One of the fundamental problems when dealing with the subject of renewable energy is one of definition, what exactly is a renewable form of energy. This is partly the direct result of government policy which is confused and lumps dubious technologies like waste to energy incineration alongside technologies like wind power. This is done to encourage competition but it may be observed that co-operation is a better way to developed renewable energy, competition certainly leads people into strange places for example the recent criticism of Government support for the gas industry in this blog.

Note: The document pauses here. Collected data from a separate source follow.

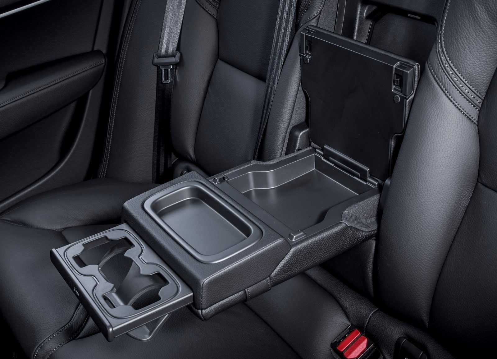 A large rear fold-out armrest with sliding drinks holders and extra storage is provided at the rear.
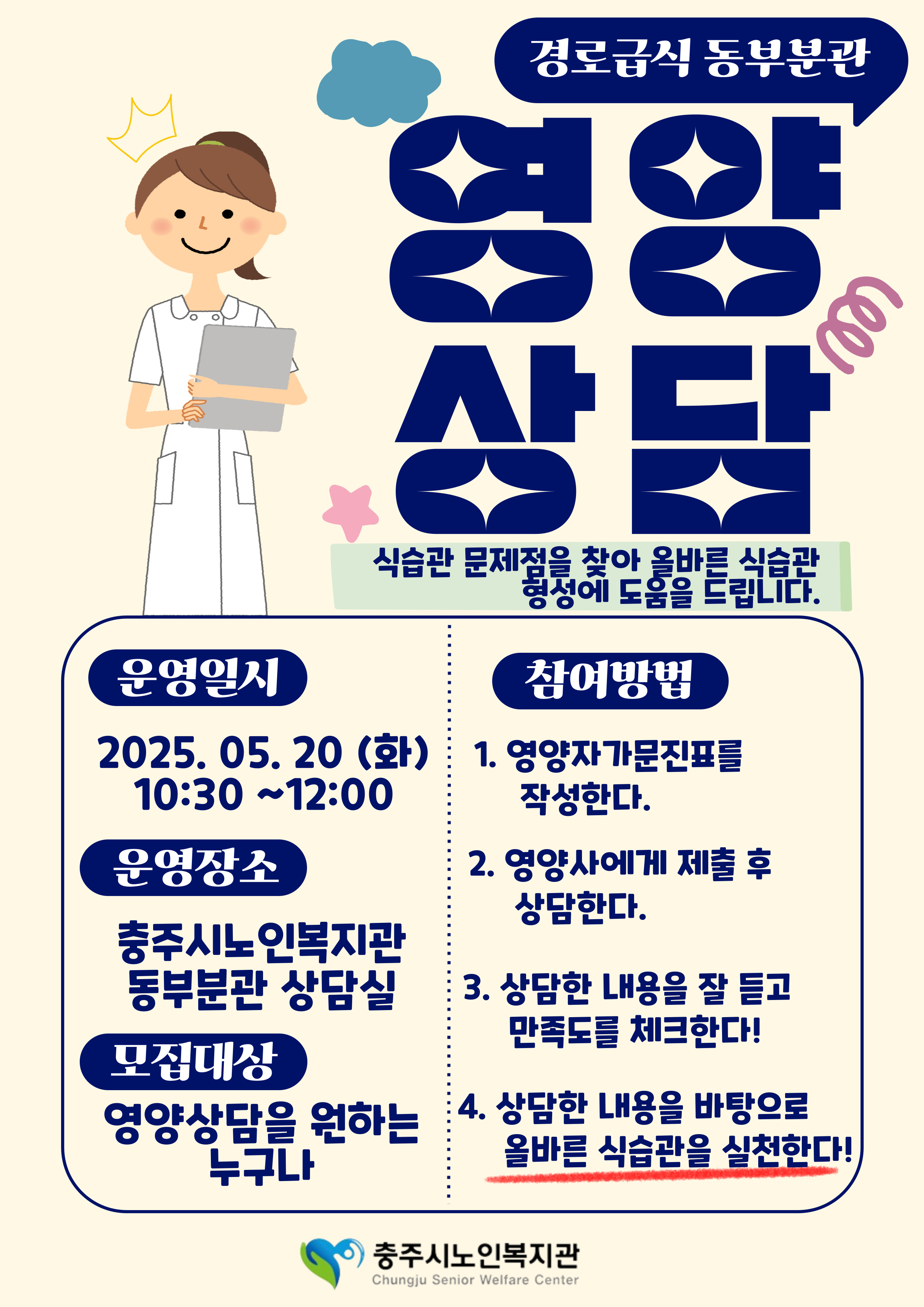 동부분관에서 '영양상담' 참여자를 모집합니다.
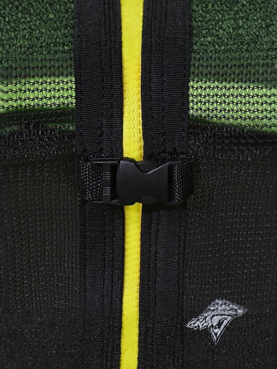 Защитная сеть входит в обязательную комплектацию батутов. Сетка батута устойчива к УФ полиэтиленовая сетка 100г/кв.м. Инновационное крепление увеличивает рабочее пространство батута, исключает соприкосновение с пружинным механизмом, все элементы крепления закрыты мягким матом или выполнены из безопасных материалов. Вход на усиленной молнии, оборудован дополнительными фиксаторами, защищен от случайного открывания.
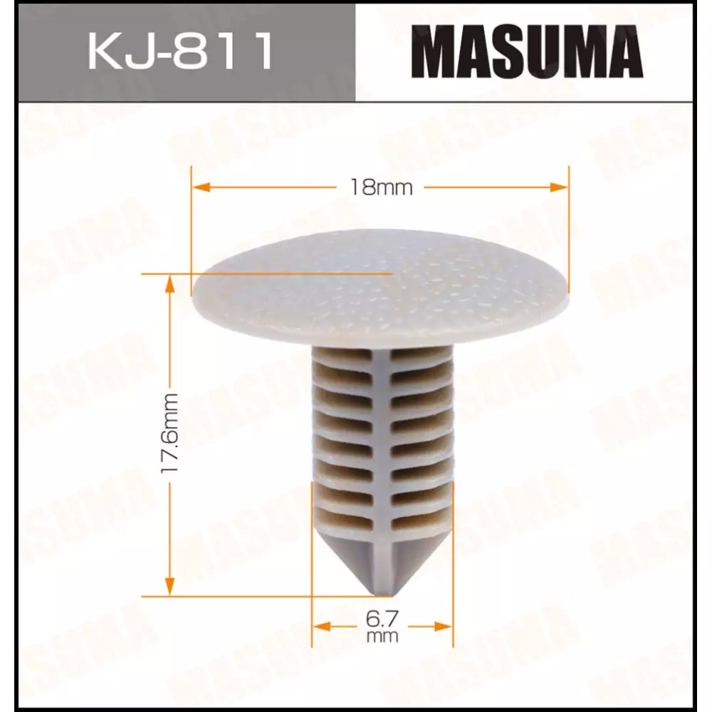 Masuma — один из крупнейших в мире производителей клипс для автомобилей. Автомобильная клипса (пистон, зажим) — это пластмассовая деталь, предназначенная для крепежа облицовочной и изоляционной части автомобиля. В ассортименте бренда есть клипсы для крепления практически любого элемента отделки машины. Клипсы отличаются повышенной прочностью и износостойкостью.
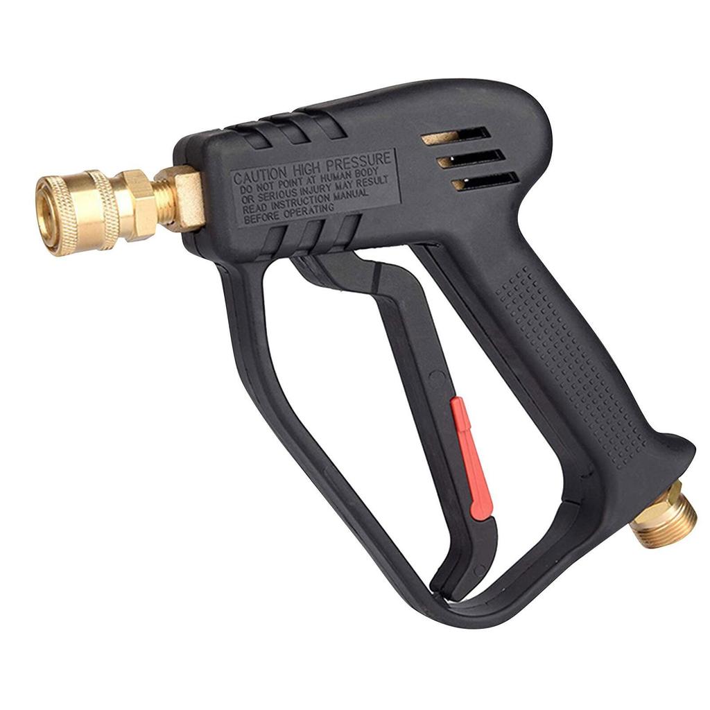 Short high pressure washer with 5 adjustable angle nozzles for domestic and high pressure washers. Working pressure up to 4000 psi, high quality construction, higher pressure resistance and longer service life. The flexible locking key accidental and ensures safer cleaning work.
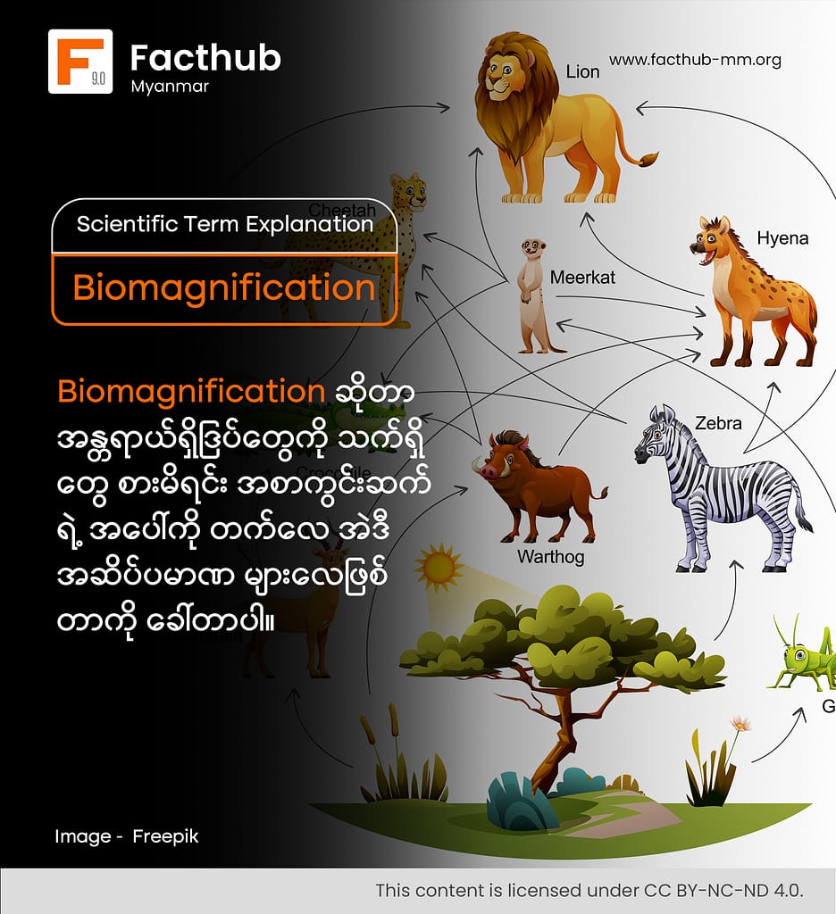 Biomagnification ဆိုတာ အန္တရာယ်ရှိဒြပ်တွေကို သက်ရှိတွေ စားမိရင်း အစာကွင်းဆက်ရဲ့ အပေါ်ကို တက်လေ အဲဒီအဆိပ်ပမာဏ များလေဖြစ်တာကို ခေါ်တာပါ။
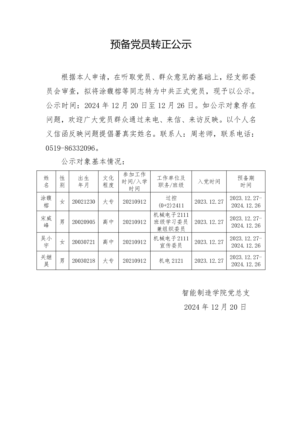 拟接收预备党员公示
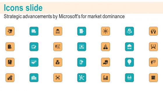 Introducing our well designed Icons Slide Strategic Advancements By Microsofts For Market Dominance Template Pdf set of slides. The slide displays editable icons to enhance your visual presentation. The icons can be edited easily. So customize according to your business to achieve a creative edge. Download and share it with your audience. Our Icons Slide Strategic Advancements By Microsofts For Market Dominance Template Pdf are topically designed to provide an attractive backdrop to any subject. Use them to look like a presentation pro.
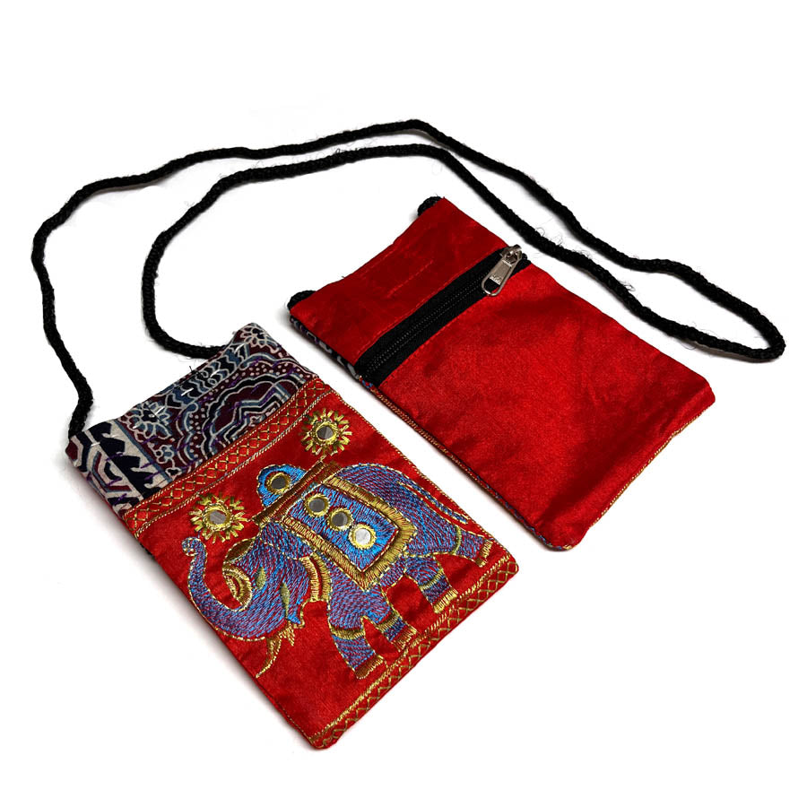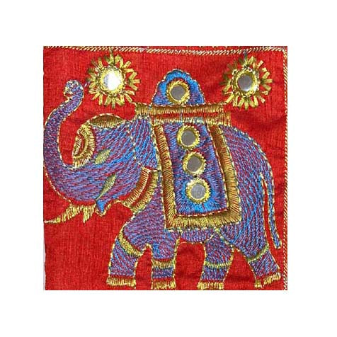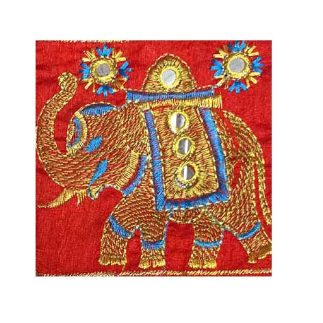 Laukun punaista kangasta koristaa upea, kirjailtu norsuaihe, jota täydentävät pienet peili-applikoinnit.
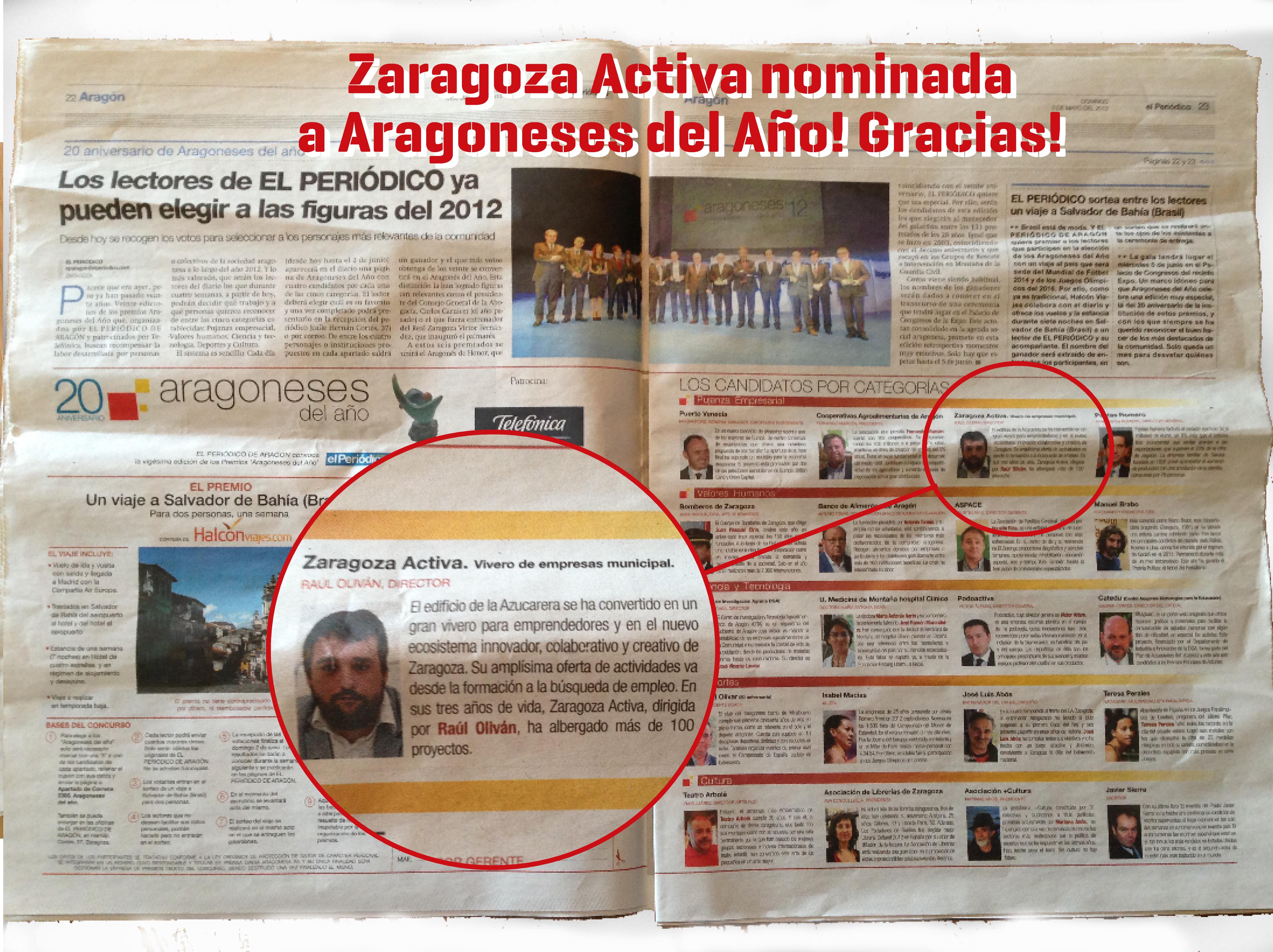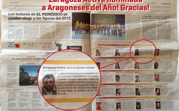 «Zaragoza Activa nominada a los Premios Aragoneses del Año» !Mi madre! (Feliz día por cierto) No me lo podía creer… Pero sí, es real. El Periódico de Aragón nos ha nominado en la categoría de pujanza empresarial y para que os voy a mentir me he puesto como loco de contento.
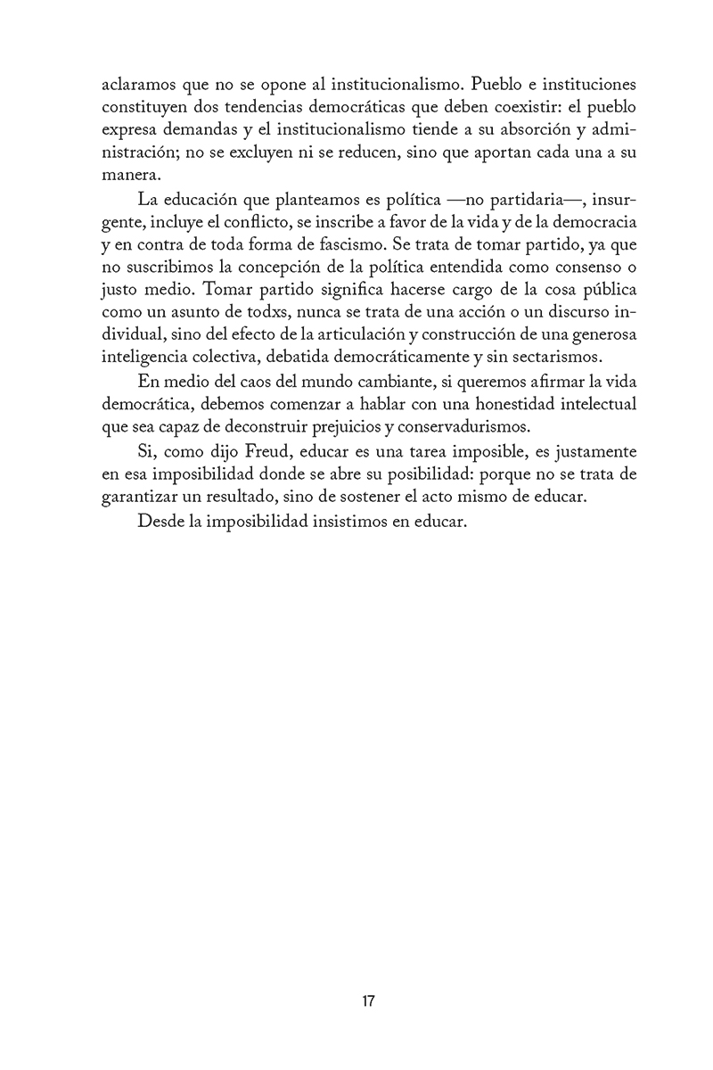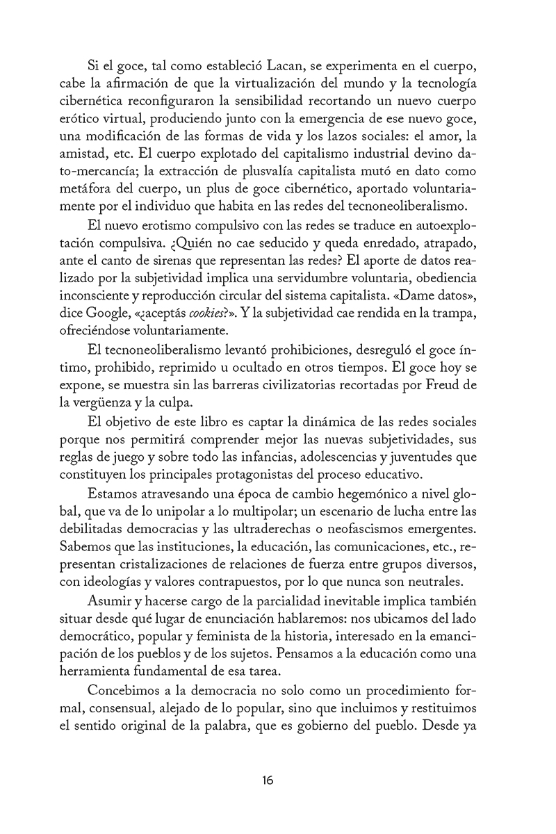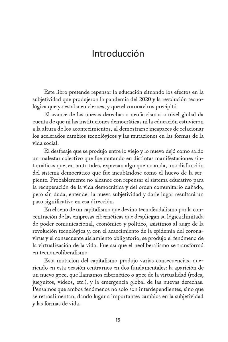 Un libro para comprender la guerra psicopolítica del siglo XXI y un desafío para todos los que creen en el poder transformador de la enseñanza. La democracia está en peligro. La formación es la última línea de defensa. La crisis del siglo XXI no es solo económica o sanitaria; es una crisis de la verdad. La escuela neoliberal, al buscar una educación sin política y despojada de derechos, terminó traduciéndose en educar para la servidumbre . Mientras las empresas cibernéticas consolidan el tecnofeudalismo y la mentira se vuelve total, el problema es eminentemente político. Este libro, dirigido a educadores, padres, estudiantes y ciudadanos, es un llamado a la parresía (a expresar la verdad sin miedo); es un llamado radical a la acción. Es hora de enfrentar la conexión entre la debacle educativa y el auge del fascismo, ocupar un lugar en la trinchera y reconstruir la ciudadanía. La única salida es reinventar la democracia y el sistema de enseñanza, generando un corte creativo ante la coyuntura actual. La solución es una pedagogía emancipatoria que oponga el amor político al odio fascista. Es hora de desobedecer el imperativo cibernético y hacer del acto de decir y amar la verdad la acción revolucionaria que puede salvar la democracia. La educación es una trinchera, una defensa para la participación ciudadana.
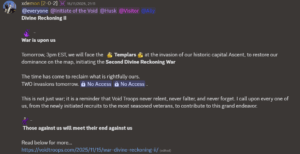 Now, on November 15, the Void Troops declared war on the Templars once more, dubbing it the Second Divine Reckoning War. In the war declaration post, they mentioned that TCP declined trading the server Ascent with them. Additionally, the lack of warfare in the community boosted the need for a declaration from their side.
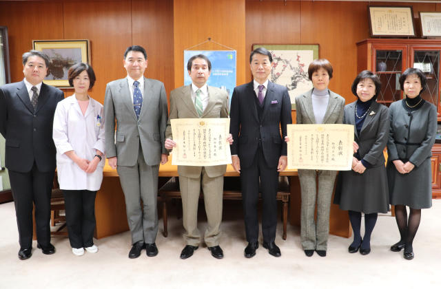 杉野病院長から受賞者に表彰状及び副賞が授与され、受賞の祝辞がありました。長谷川栄養治療部長、原田看護部長、堀尾副栄養治療部長、西村副看護部長、川村事務部長も同席し、受賞を祝しました。
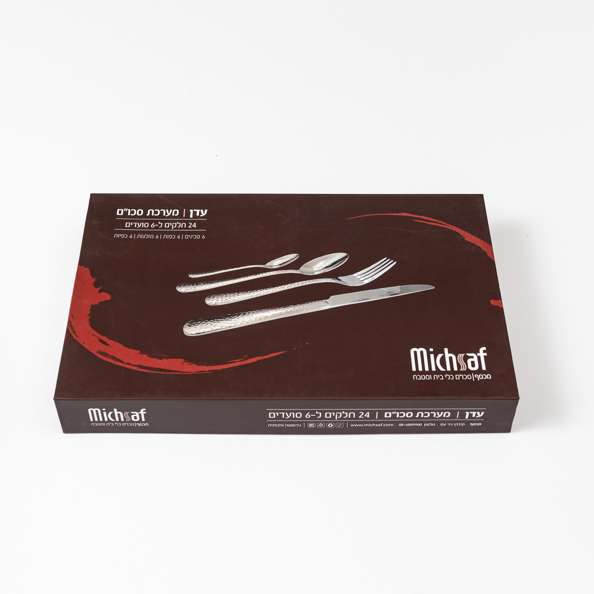 סט סכו"ם 24 חלקים דגם עדן באריזת מתנה ל – 6 סועדים כולל: סכין, מזלג, כף וכפית * 6 יחידות מכ"א.

It should be clearly understood that amount of wind power generating capacity which can be accommodated on the grid is directly linked to natural gas supplies and its use in Gas Turbines. A gas turbine can be cold started, run up to speed, synchronised and placed on line in less than 5 minutes which means that there is always standby capacity to compensate for a reduction in wind power without the need to keep dirty and expensive steam plant as running standby. In actual fact there is a synergy between wind power and gas as when there is plenty of wind it is possible to save gas which is expensive to buy, so co-operation is probably a better option.

Gas turbines have other advantages; a closed cycle gas turbine is the most efficient heat engine we have, with a thermal efficiency of about 44% and they can also be run on renewable fuels like Bio-gas without a loss of this high efficiency. This point highlights one of the largest failures of renewable energy policy in Britain, we have failed to pay any attention to renewable fuel production, which is the best technique we have for storing energy, for when it is actually needed; and anaerobic technology in particular can be used to reduce our present dependency on imported Natural Gas. Improving the energy efficiency of electrical production is one of the best techniques we have for reducing our fossil fuel dependency and also helps reduce CO2 output, over the last 20 years most of the actual advances in CO2 reduction have been achieved by adopting more efficient gas turbine technology, advances which can be threatened by an escalating international gas price and a depreciating pound.

It should be clear by now, with new attention being drawn to our ballooning balance of payments deficit by another round of bad quarterly figures that Government economic policy is failing to address the real weaknesses of our economic position. It is also clear that by their discouragement of the whole renewable energy industry as demonstrated by their planned reduction in FIT and ROC, which resulted in an immediate reduction in hydro-electric investment, that they have not yet grasped the desperate economic need to develop more renewable energy. However judging by present performance it is unlikely that the present overall economic policy can be sustained for much longer and also the Government that created it. However when government policy does change it is important that amongst other things that change should be a greater openness to energy rationing and on the subject of this rationing. At present we have energy rationing by price, were by the VAT and Excise duty on Petroleum are meant to reduce demand and the electricity and gas markets are highly regulated, also to decrease demand. Unfortunately all these measures are hurting the most vulnerable people and parts of society most; it is the poor and pensioners on fixed income who are suffering most from escalating energy costs and it is our rural population who suffer most from high fuel costs. More openness and honesty on this subject in particular with regard to restructure our economy to reduce the balance of payments deficit which can only be done by reducing overall energy consumption will become increasingly vital.